Copy exactly, from the beginning of the material below, every line up to and including the one holding "- ✅Plastic-Free Foaming", with the pictures left out.
*** Opening Dataset excerpt ***
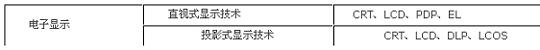 電子顯示又有很多類別,我們可以簡(jiǎn)單地將其分為直視式和投影式兩種。每種方式又包含多種顯示技術(shù),如下表所示:
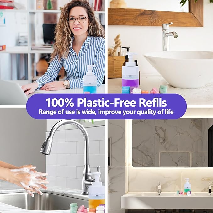- ✅Plastic-Free Foaming Hand Soap Tablets. Buy the bottle once, and refill forever with 100% plastic-free tablets that come in compostable paper-based packaging.
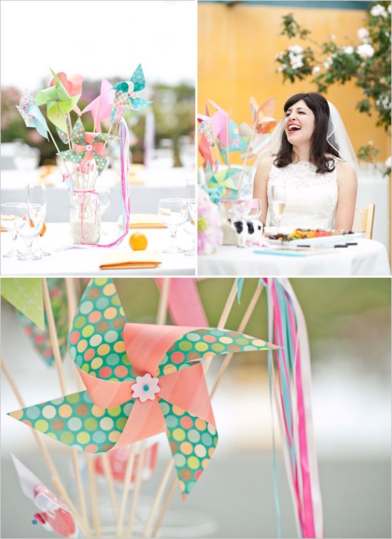 Windmills! Yes, the beautiful colorful paper toys you used to play with as a child can be a great wedding idea for your spring or summer wedding.
*** Closing Dataset excerpt ***
Output below »
 電子顯示又有很多類別,我們可以簡(jiǎn)單地將其分為直視式和投影式兩種。每種方式又包含多種顯示技術(shù),如下表所示:
- ✅Plastic-Free Foaming Hand Soap Tablets. Buy the bottle once, and refill forever with 100% plastic-free tablets that come in compostable paper-based packaging.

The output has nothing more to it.